This topic describes the updates to MaxCompute in reverse chronological order.

June 29, 2020 (UTC+08:00): Users can choose data type editions for new projects

The data type editions available for new MaxCompute projects are being updated for the international website (alibabacloud.com) from June 29, 2020 to July 15, 2020. After the update, users must choose initial data type editions for new MaxCompute projects.

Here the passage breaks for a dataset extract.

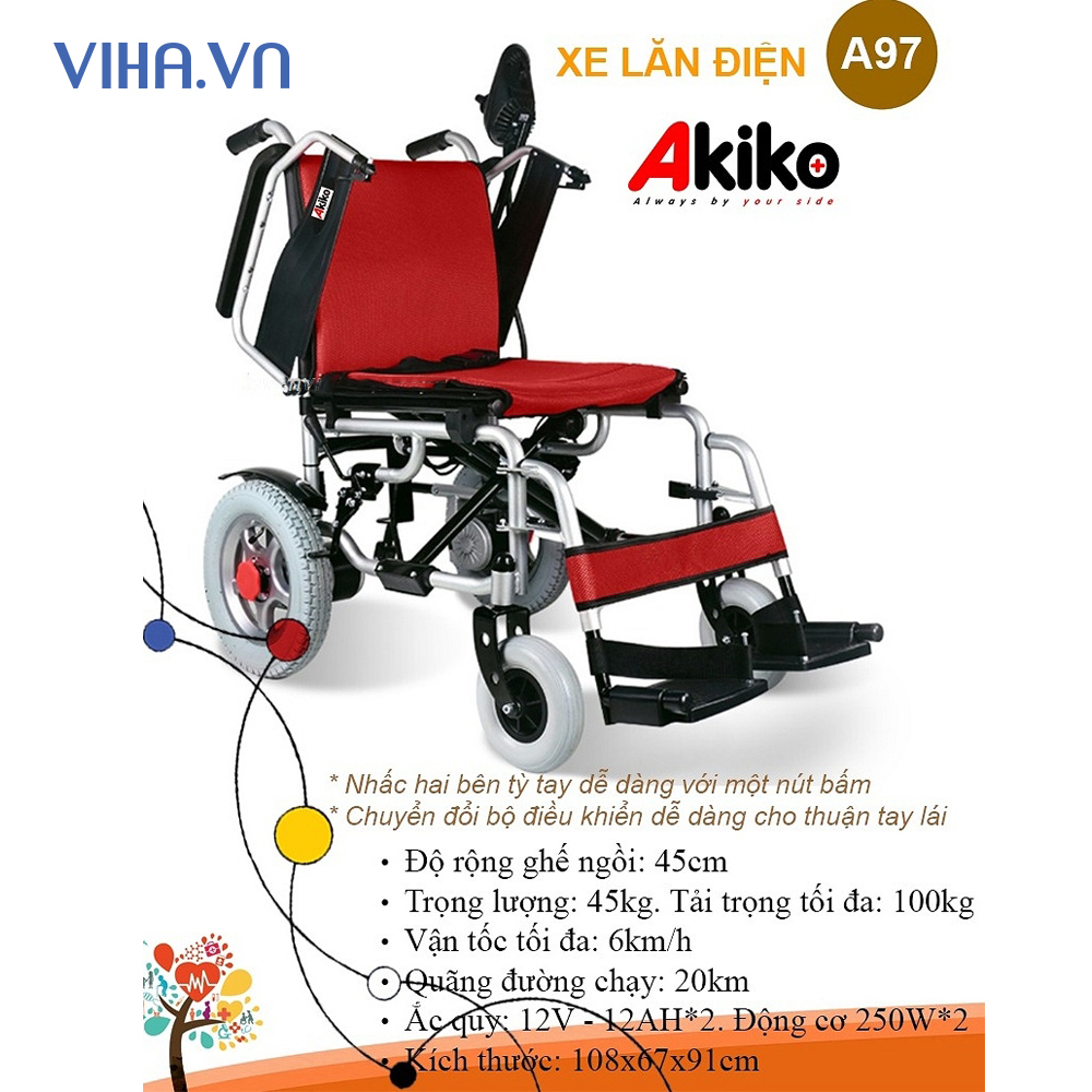 Xe lăn điện cao cấp Akiko A97 được sản xuất trên dây chuyền công nghệ hiện đại đặc biệt dành cho người già, người khuyết tật sự tiện lợi, chủ động trong hành trình di chuyển của mình...

MaxCompute provides the following three data type editions: MaxCompute V1.0 data type edition, MaxCompute V2.0 data type edition, and Hive-compatible data type edition. These editions are different in definitions and usage. MaxCompute provides three attributes to configure data type editions. You can configure these attributes as required to enable an edition. For more information, see Date types.
Note This feature has no impact on the data type editions of existing MaxCompute projects. To modify the data type editions of existing MaxCompute projects, perform the operations described in Date types.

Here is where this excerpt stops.